# Huge cruise ship stops in Solent (BBC News)



## SN NewsCaster (Mar 5, 2007)

An £800m liner described by its makers as the world's largest cruise ship makes a brief stop in the Solent.

More from BBC News...


----------



## sidsal (Nov 13, 2007)

Wot a monstrosity !! Is it Oasis of the Sea - Royal Carribean 220000 tons or soemthing ?
There was an article in Sunday Telegraph about the Ventura where they said it was ever so crowded.


----------



## Santos (Mar 16, 2005)

Another floating block of blo-dy flats its likeness to a livestock carrier is even greater than an actual livestock carrier.

Chris.


----------



## Ian6 (Feb 1, 2006)

Delightful. Imagine the pleasures ahead when she arrives in some quaint little place to disgorge 6,200 passengers (plus a few off-duty crew) almost all at once. Disembarkation will inevitably take a little while, at 55 to a coach there will be 115 bus loads ! Or perhaps it is upmarket and they just need 3,000 taxis! She should be preceded by a health and congestion warning wherever she goes.
Ian


----------



## Pompeyfan (Aug 9, 2005)

I saw her, was in the wrong place for a decent view and picture, and she was late.
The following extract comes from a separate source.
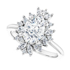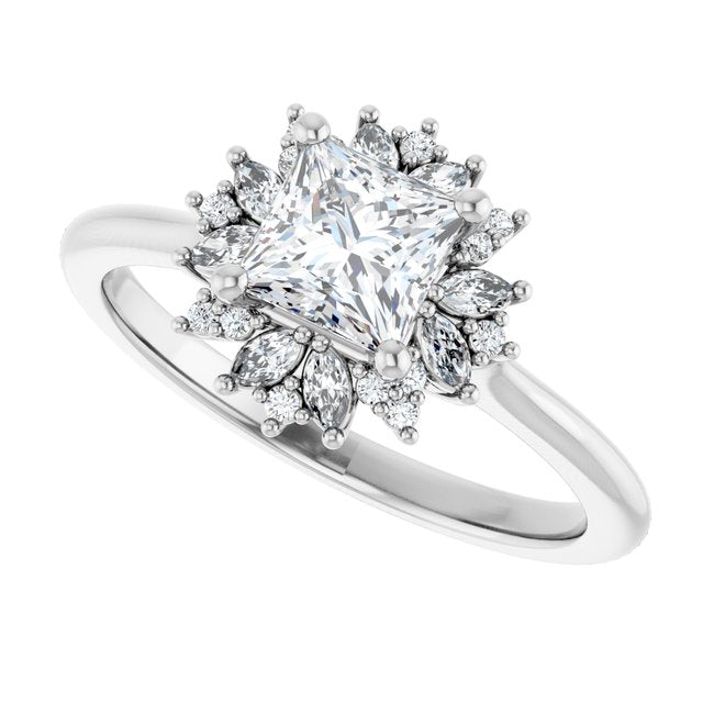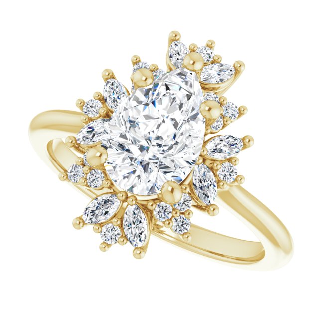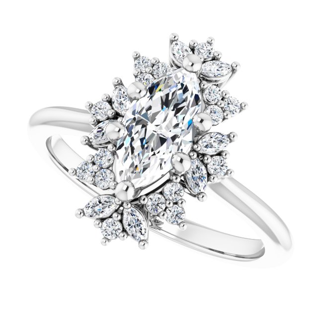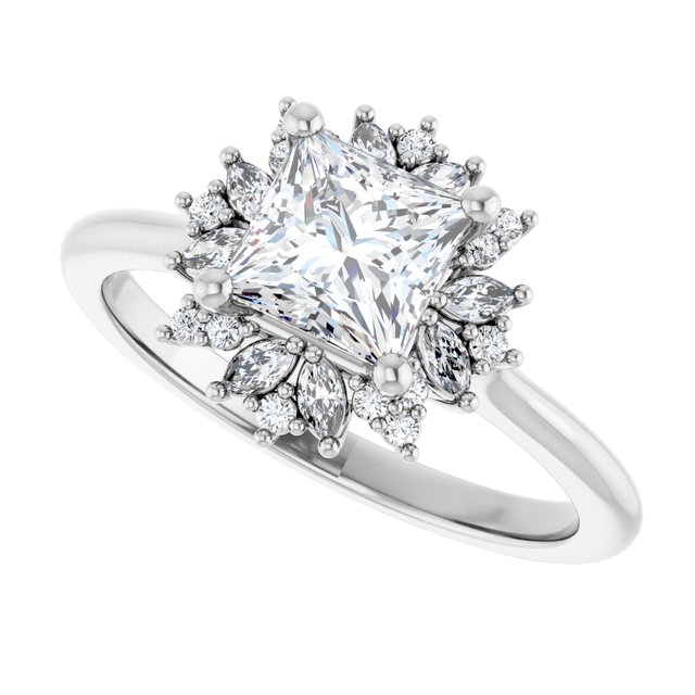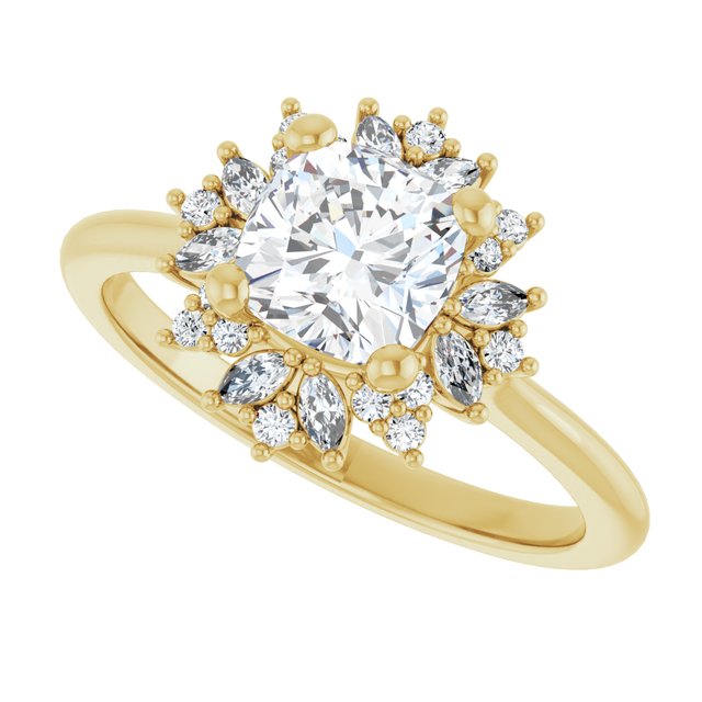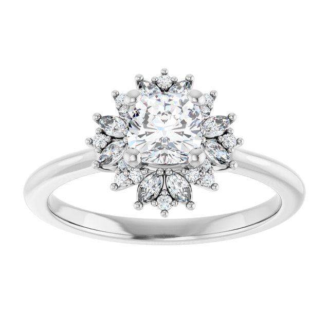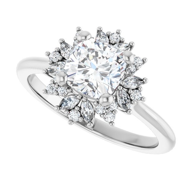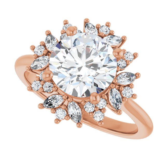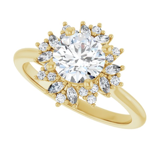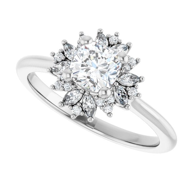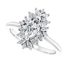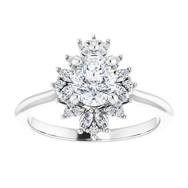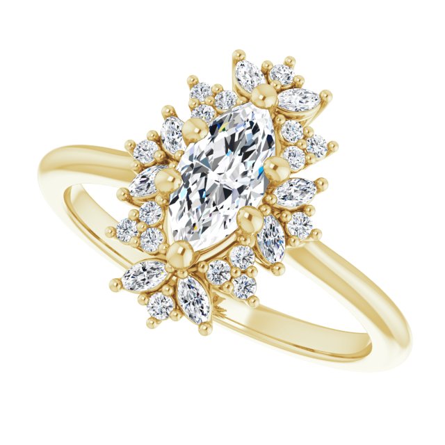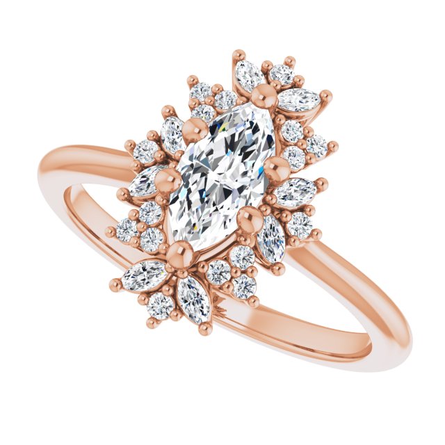 Select your Center stone to complete this setting. This setting features 3/8 CT round and marquise-cut diamonds that create a clustered halo.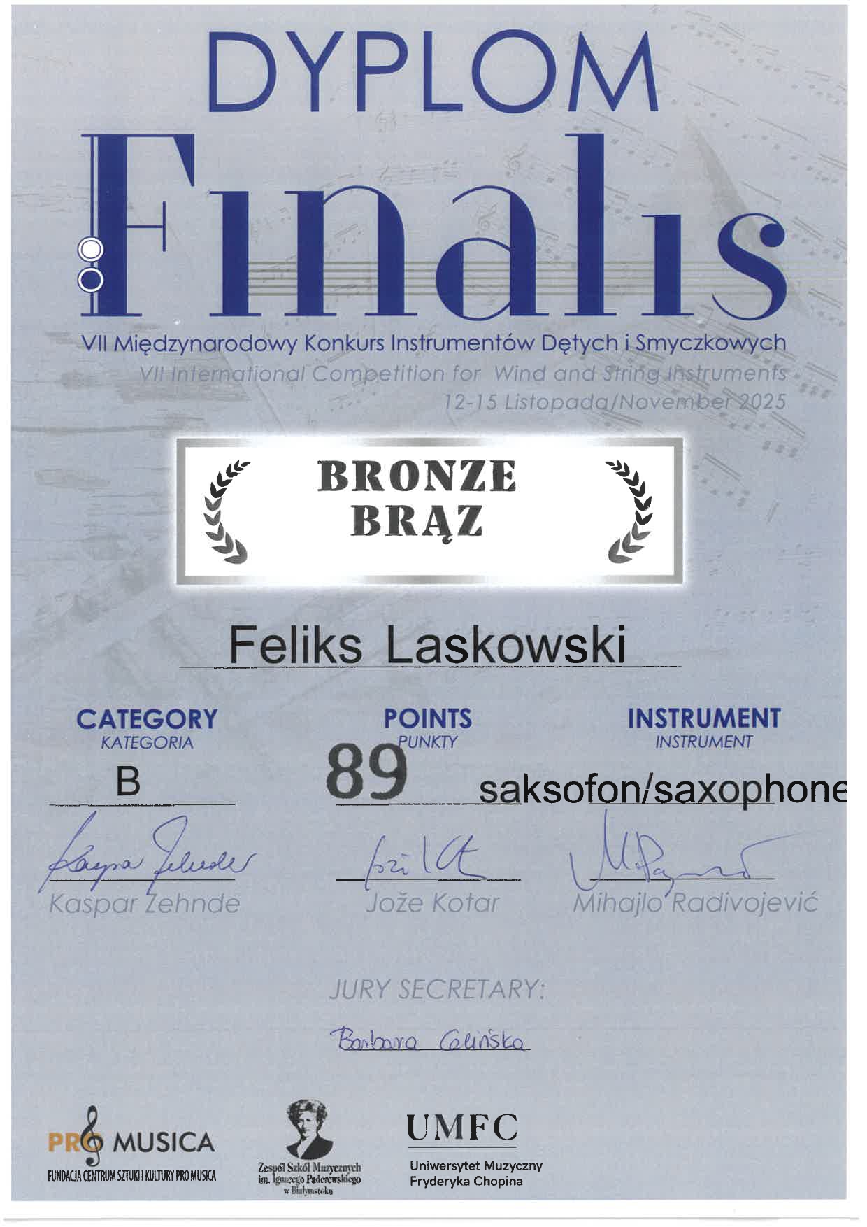Feliks Laskowski - brąz w kategorii A - VII Międzynarodowy Konkurs Instrumentów Dętych i Smyczkowych FINALIS - 12-15 listopada

Dreadful information as to where she would be, and times. VTS deciding not to update before I left home not mentioning any movements today at all. 

David


----------



## Klaatu83 (Jan 22, 2009)

I wonder how many passengers she needs to carry to break even. I don't know about Europe, but the cruise ship industry in the States hasn't been too healthy lately. An awful lot of people haven't got enough money to make their mortgage payments these days, let alone enough left over to book cruises.


----------



## NINJA (May 8, 2006)

Hope they all don't want in the swimming pool at the same time.


----------



## Billieboy (May 18, 2009)

US$6mill/week cash left on board, excluding ticket revenue. I wonder how many, "Captains", she has on board to keep the high rollers happy? The Captains table must seat at least fifty!


----------



## Paul UK (Jun 13, 2005)

God that looks ugly, heaven for bid if anything goes wrong !!!!

Paul


----------